I chose domestic adoption through the foster care system because (for me at least), I didn't need to go much further from my own backyard to find a child who needed a forever home. I was also open to adoption from any race and I knew of the great need for families willing to adopt transracially.

It is also very important to me personally to really give back and (I know this sounds cheesy) to make the world a better place by the time I leave.

Growing up, we were poor and things weren't always easy at home, so I felt that on many levels I could relate to some of the stories and backgrounds of the kiddos in the foster care system. I started the process shortly after my 28th birthday and had my first foster child placed in my home a few month later.

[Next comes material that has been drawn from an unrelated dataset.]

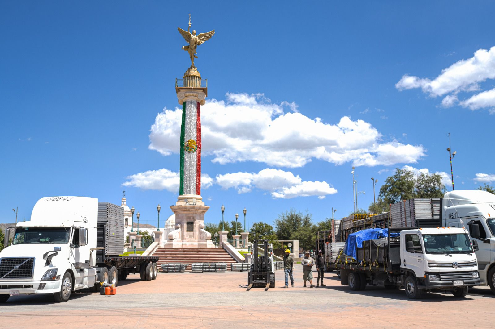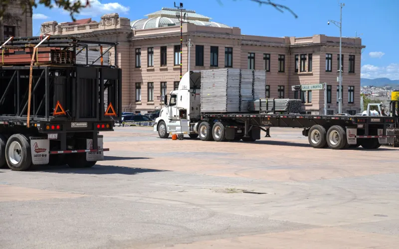 Como parte de los preparativos para la noche mexicana, desde este martes se hicieron los cierres parciales de la calle Aldama para permitir el montaje del escenario.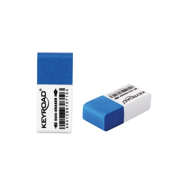 Gomme DUO bianco/blu: un lato per matite, un lato per inchiostri.Non contengono PVC.Dimensione: mm. 39 x 17,6 x 12.Display da 30 pezzi.

In terms of my son and how we became a family: I had a child placed with me from the time he was 8 weeks old until two weeks after his first birthday. His case was all over the place and for a while it was almost a certainty that he would become eligible for adoption. But he was returned to his birth mom. When he left, I decided that I was ready to have one that I knew would be staying. I was presented with info regarding my son and was told that he was legally free for adoption. After reading his case file, and speaking to the foster parents who had had him from the time he was three days old, I knew he was mine and we were meant to be a family.

It's been very interesting the way my thoughts on family have changed. My son's bio Mom has had 8 children, all of which have been removed by CPS and have been adopted out into the system. My son has been able to meet four of his siblings, and the others have refused contact. I guess for me this is also a HUGE frustration. My son's life didn't start the day he came into my home. He had a life with his foster family, he has a biological connection to his birth family and siblings, and I feel the need to honor that also.

But you know, my son has been overblessed considering his past. Most kids only have one Mom. He has had three: his birth mother, his foster mother and me!!